本申请的描述中,除非另有明确的限定,设置、安装、连接等词语应做广义理解,所属技术领域技术人员可以结合技术方案的具体内容合理确定上述词语在本申请中的具体含义。
需要说明的是,虽然在装置示意图中进行了功能模块划分,在流程图中示出了逻辑顺序,但是在某些情况下,可以以不同于装置中的模块划分,或流程图中的顺序执行所示出或描述的步骤。说明书和权利要求书及上述附图中的术语“第一”、“第二”等是用于区别类似的对象,而不必用于描述特定的顺序或先后次序。
首先,对本申请中涉及的若干名词进行解析:
人工智能(Artificial Intelligence,AI):是研究、开发用于模拟、延伸和扩展人的智能的理论、方法、技术及应用系统的一门新的技术科学;人工智能是计算机科学的一个分支,人工智能企图了解智能的实质,并生产出一种新的能以人类智能相似的方式做出反应的智能机器,该领域的研究包括机器人、语言识别、图像识别、自然语言处理和专家系统等。人工智能可以对人的意识、思维的信息过程的模拟。人工智能还是利用数字计算机或者数字计算机控制的机器模拟、延伸和扩展人的智能,感知环境、获取知识并使用知识获得最佳结果的理论、方法、技术及应用系统。
自然语言处理(Natural Language Processing,NLP):NLP用计算机来处理、理解以及运用人类语言(如中文、英文等),NLP属于人工智能的一个分支,是计算机科学与语言学的交叉学科,又常被称为计算语言学。自然语言处理包括语法分析、语义分析、篇章理解等。自然语言处理常用于机器翻译、手写体和印刷体字符识别、语音识别及文语转换、信息检索、信息抽取与过滤、文本分类与聚类、舆情分析和观点挖掘等技术领域,它涉及与语言处理相关的数据挖掘、机器学习、知识获取、知识工程、人工智能研究和与语言计算相关的语言学研究等。
信息抽取(Information Extraction,NER):从自然语言文本中抽取指定类型的实体、关系、事件等事实信息,并形成结构化数据输出的文本处理技术。信息抽取是从文本数据中抽取特定信息的一种技术。文本数据是由一些具体的单位构成的,例如句子、段落、篇章,文本信息正是由一些小的具体的单位构成的,例如字、词、词组、句子、段落或是这些具体的单位 的组合。抽取文本数据中的名词短语、人名、地名等都是文本信息抽取,当然,文本信息抽取技术所抽取的信息可以是各种类型的信息。
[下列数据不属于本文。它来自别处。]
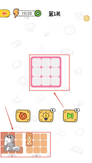 1、先观察猫咪拼图的外形特点和所占格数,据此判断它大概能放在哪些区域,这样就能减少盲目尝试的情况。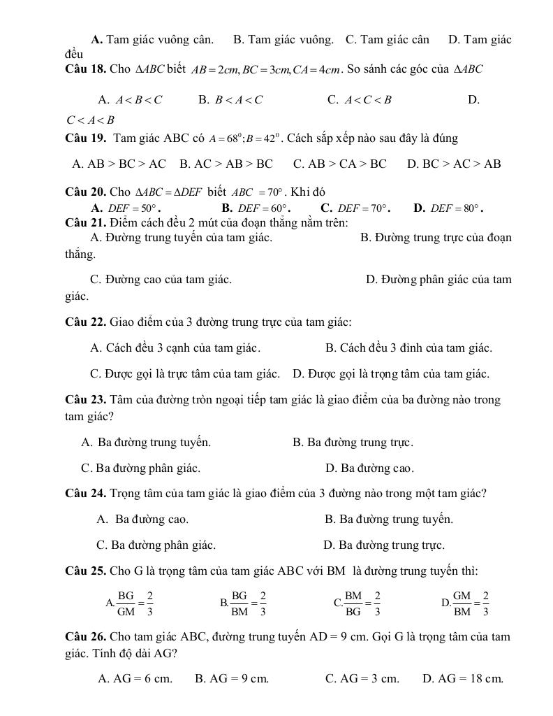 – Tam giác cân, tam giác đều. Tính chất của tam giác cân.
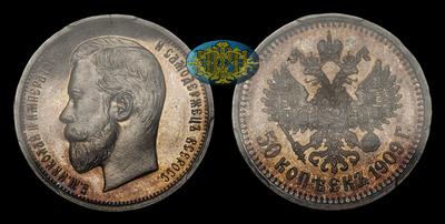 Один из малотиражных полтинников Николая II. Отчеканено всего 50 011 штук, из которых совсем небольшое количество в исполнении PROOF. Дополнительную ценность данному экземпляру придает его исключительный провенанс. Происходит из двух замечательных нумизматических собраний, владельцами которых особое внимание отводилось качеству собираемого материала.

相关技术中,目标检测是计算机视觉和数字图像处理领域的一个热门方向,广泛应用于人工智能、机器人导航、智能视频监控、工业检测、航空航天等诸多领域;同时目标检测也是许多视觉任务需要的一个前序算法,对后续的人脸识别、步态识别、人群计数、实例分割等任务起着至关重要的作用。由于深度学习的广泛运用,目标检测算法得到了较为快速的发展。基于深度学习的目标检测算法主要分为(1)两阶段目标检测:第一阶段先产生候选区域,包含目标大概的位置信息,然后第二阶段对候选区域进行分类和位置精修;(2)单阶段目标检测:直接生成物体的类别概率和对应位置坐标值。相比于两阶段的算法,现有的单阶段算法不需要生成候选区,整体流程更简单,速度更快,但是准确率不够高;而两阶段算法保证准确率的情况下速度又不够快;且现有的目标检测算法的网络参数数量都比较大,实际应用中依赖服务器等大型计算机上才能达到实时检测目标的效果,但是当将网络结构移植到手机等嵌入式设备时却难以达到该效果,因为嵌入式设备的处理器性能远不如服务器。
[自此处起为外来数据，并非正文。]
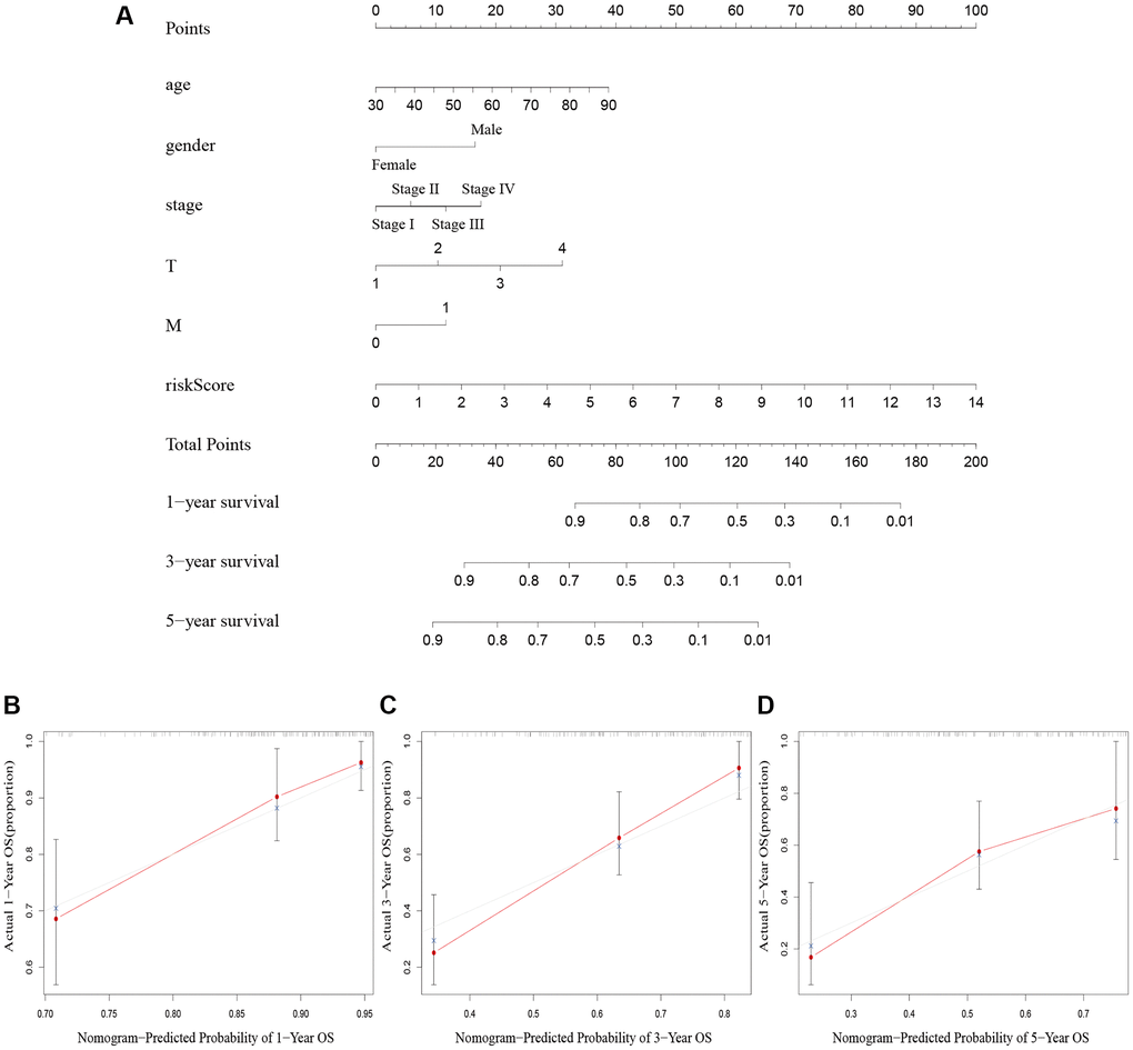 We created a nomogram including clinicopathological factors and risk score to simplify the clinical use of the predictive signature. The nomogram showed that it could help us predict the 1-, 3-, and 5-year survival rates of BLCA (Figure 5A). The calibration curves displayed a strong correlation between the predicted and actual 1-, 3-, and 5-year overall survival rates, as illustrated in Figure 5B–5D.

基于此,本申请实施例提供了一种目标检测模型的建立方法、应用方法、设备、装置及介质,能够有效提升嵌入式设备目标检测效率。
本申请实施例可以基于人工智能技术对相关的数据进行获取和处理。其中,人工智能(Artificial Intelligence,AI)是利用数字计算机或者数字计算机控制的机器模拟、延伸和扩展人的智能,感知环境、获取知识并使用知识获得最佳结果的理论、方法、技术及应用系统。
人工智能基础技术一般包括如传感器、专用人工智能芯片、云计算、分布式存储、大数据处理技术、操作/交互系统、机电一体化等技术。人工智能软件技术主要包括计算机视觉技术、机器人技术、生物识别技术、语音处理技术、自然语言处理技术以及机器学习/深度学习等几大方向。
本申请实施例提供的目标检测模型的建立方法、应用方法,涉及人工智能及数字医疗技术领域。本申请实施例提供的目标检测模型的建立方法、应用方法可应用于终端中,也可应用于服务器端中,还可以是运行于终端或服务器端中的软件。在一些实施例中,终端可以是智能手机、平板电脑、笔记本电脑、台式计算机等;服务器端可以配置成独立的物理服务器,也可以配置成多个物理服务器构成的服务器集群或者分布式系统,还可以配置成提供云服务、云数据库、云计算、云函数、云存储、网络服务、云通信、中间件服务、域名服务、安全服务、CDN以及大数据和人工智能平台等基础云计算服务的云服务器;软件可以是实现目标检测模型的应用等,但并不局限于以上形式。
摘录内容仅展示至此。